Critics of automated tests often claim that it's impossible to prove the software is working correctly, so it's a waste of time. While they're correct in the first part, they're very wrong on the second part. No software, outside from a group of people whose work is largely research-oriented, is provably correct. Microsoft Windows isn't provably correct. Neither is Linux. Even Java isn't provably correct. Additionaly, any formal proof of software correctness is only as good as the proofs themselves, and is dependant on a formalized proof of the hardware correctness as well. Also, manual testing can't prove the software is correct. The inability to prove the correctness of software is, in our current world, a truism. It's also irrelevant.

The Value Proposition

Given that we understand automated tests can never prove software correct, why do we still do them? Let's make a bold claim: automated tests are not for software validation or software verification.

A lot of developers who practice TDD follow the red-green approach. They write tests, run them, and see the red lights. Then they build software, re-run the tests, and get a green light. That means the code you wrote works, right? Nope.

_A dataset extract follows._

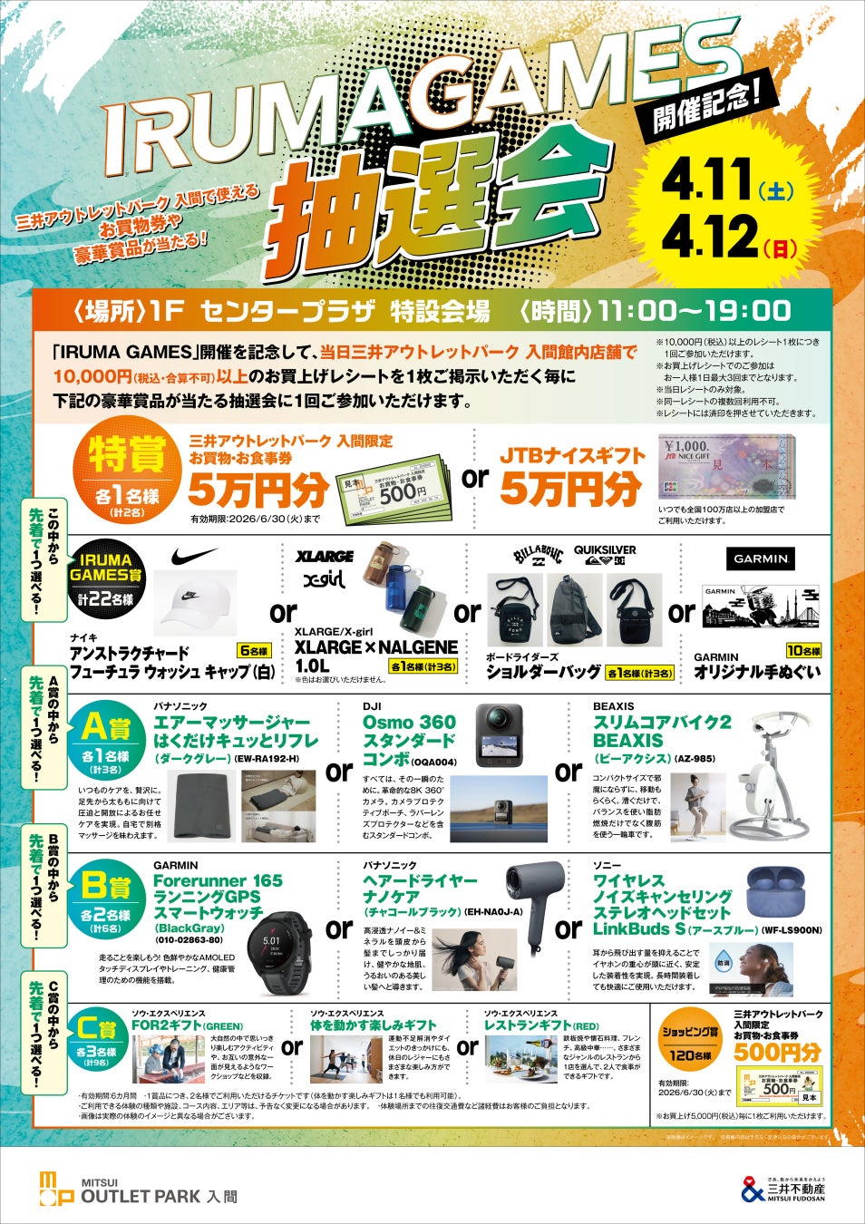 さらに、イベント期間中の2日間、三井アウトレットパーク 入間で使えるお買物券や豪華賞品が当たる「IRUMA GAMES 開催記念!抽選会」 をセンタープラザ特設会場にて実施します。

What you have done is codify a behavior. Given a certain set of inputs and the software as it was written, you have a certain set of outputs. You have a small chunk of behavior validation.

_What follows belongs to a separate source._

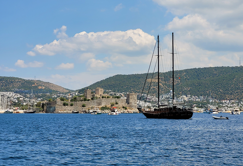 Первый наш переход был Мармарис (древнее название Фискос) — Бодрум (в древности Галикарнас): 28 часов, 116 миль, если посчитать с галсами. А галсов было изрядно, ведь по дороге в Чанаккале господствующий ветер был нам встречный. Мы специально задумали плавание на начало июня: уже не так холодно, но еще не начался летний ветер мельтеми, против которого в Дарданеллах наша тихоходная яхта была бы бессильна.
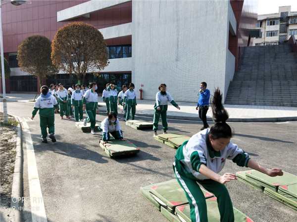 三个月的居家生活,同学们的体能都有所下降。每天的大课间,同学们有序投入到体育训练中去,为体考作准备。但是学校大操场在施工,训练没有标准的400跑道,学校积极为同学们联系四川理工技师学院,制定周密的训练实施方案,每周一次,到该院体育场进行长跑训练。

Why do we make changes to software? It's usually to change the behavior of the software. Adding or removing a feature is changing the behavior. Fixing a bug is, in fact, changing the behavior. It was incorrect behavior, and that's why you write a new test to make sure the behavior never reverts accidentally.

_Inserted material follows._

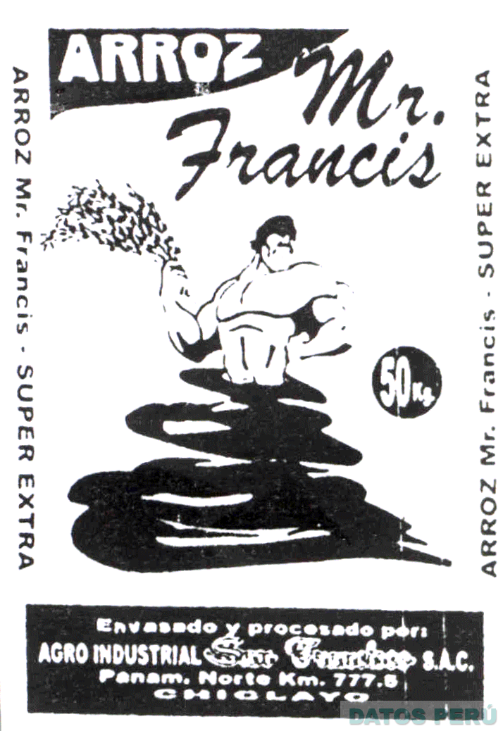 EL LOGOTIPO CONFORMADO POR LA DENOMINACION ARROZ MR. FRANCIS, LA FIGURA DE UN HOMBRE CON TORSO DESNUDO SOBRE UNAS FIGURAS ONDEADAS Y UN RAMO DE ESPIGAS DE ARROZ EN LA MANO Y LEYENDAS ALUSIVAS AL PRODUCTO, CONFORME AL MODELO ADJUNTO

In the process of changing the behavior of a system, you might have to make large changes to the software architecture. Given the potential scope of changes, how can you be reasonably sure that the behavior of the system hasn't changed?

If you eschewed automated testing because it can't prove anything, you have no idea that the behavior of the system hasn't changed. In order to get the most confidence, you need to run a full regression on the entire application. This is expensive, prone to human error, and has a high level of risk.

If you embrace automated testing, you have a set of tests that validate the stability of behavior in your system and the ability to make large changes to your code base. This gauruntees that the software behavior did not change. This is where the real value in automated testing lies.

The Extended Value Proposition

Automated tests don't check that your code is doing the right thing. They document your code in such a way that anybody can check that it continues to behave in the same way after some changes are made in the code.

This has some very interesting implications. The primary one is that your tests specify exactly what your business does. If you don't validate the consistency of behavior, that means the behavior is not important to your business.

This reason is why BDD, or Behavior Driven Development, has emerged as a technique to capture system behaviors at a very high level, often in text format. A developer or SDET then works with the business people to write some code to execute these behavior requirements automatically, and with every code change. With enough of these behavior scenarios, we end up with a living specification of your business. You could execute a re-platforming (moving from PHP to Java, for example) using these high-level behavior tests as a guide. Think about that for a minute. You could rebuild your software, and therefore your business, from these behavior specfications.

A bunch of green lights on tests doesn't mean that your software is perfect. It means that your business is doing what you think it should be doing.

This behavior specification, then, is (arguably) more valuable than the software itself. It becomes a living document that formally describes your business, and lets you know when that behavior changes unexpectedly. That's powerful. It's also very, very valuable.